弗海特躺在饲养区冰冷坚硬的地板上,努力撑开沉重的眼皮,动了动手指。他身上每一处肌肉都疼痛无比,几处薄而脆弱的皮肤已经变黑了,他不知道自己昏过去了多久。此刻,整个饲养园里一片漆黑,空荡荡的一片,只有他一个活物。
这几天,他每日都被孟添玮或是电击,或是毒打,因为孟添诶说他“不听话,不服训,思想行为都需要好好矫正一番”。
“狗玩意儿,你可记住了,现在我才是你的主人,你要是不听话,你会受到很重的惩罚。”孟添玮给弗海特套上了连解着各式粗细电缆的头套。“其实我看你不顺眼很久了,只是因为我们还没繁殖出新一代伊芙缇西亚生物,所以你这个做|种的,还是要留着。等你留下种之后,就不好说了,也许我会直接把你送到静区,让你从此消失得无影无踪。
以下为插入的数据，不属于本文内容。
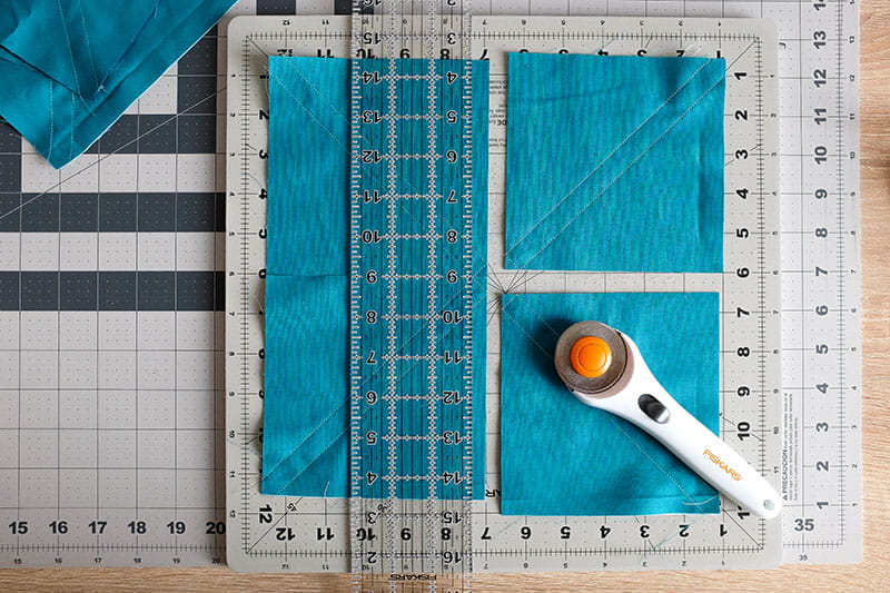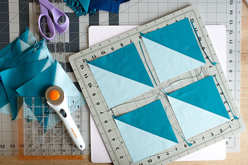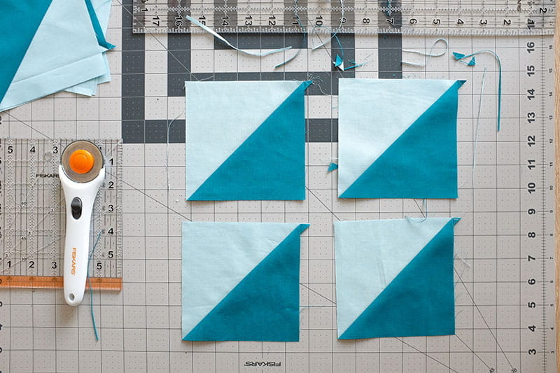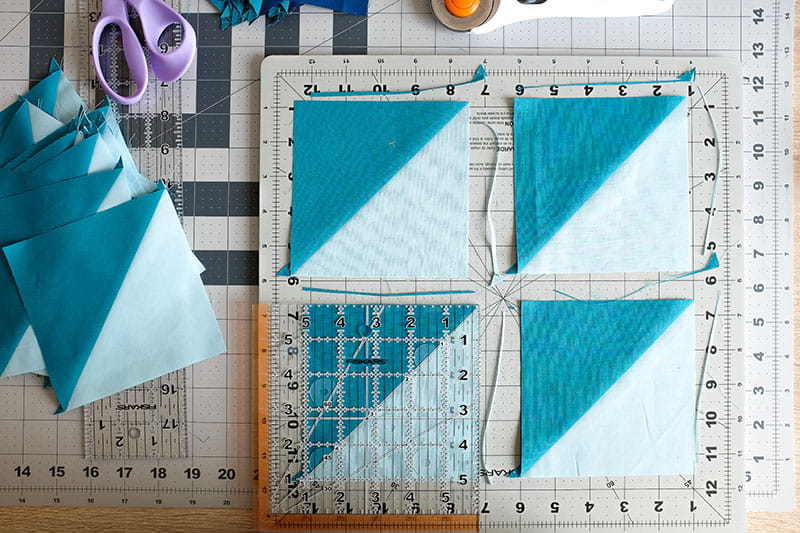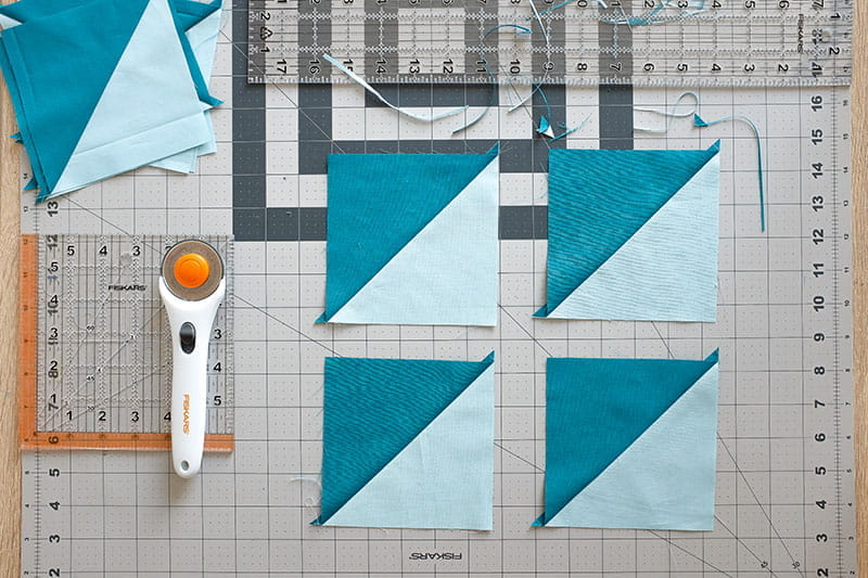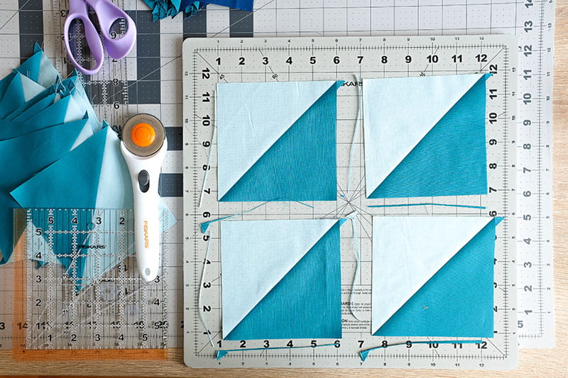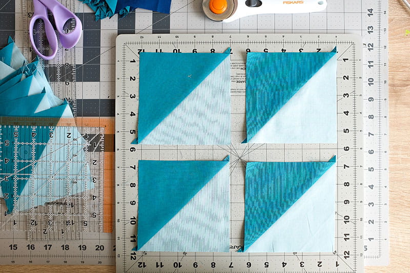 Four half square triangles on a cutting board with quilting rulers and rotary cutter.

”
弗海特朝着他啐了一口。
孟添玮淡定地避开,然后打了个响指,一瞬间,电流贯通弗海特的大脑。
弗海特痛苦地大喊大叫,脑袋痛得要裂开了,他想要抱住脑袋,可是整个身体都被牢牢固定在冰冷坚硬的刑椅上,他即使想蜷缩起来,想抓挠自己也无能为力。
疼痛总会让人的身体本能地产生防御保护机制,而当这种机制又被人为地阻挠时,更是让人痛苦万分。
“脑子不好,就要这样,好好洗洗。”孟添玮笑着,看上去斯斯文文,但是眼里却露着野兽捕猎时那般狰狞的光。
弗海特躺着喘息了一会儿,才勉强从地上爬了起来,他动了动僵硬的手臂,半爬半走的,来到食盒那里,想要吃点东西。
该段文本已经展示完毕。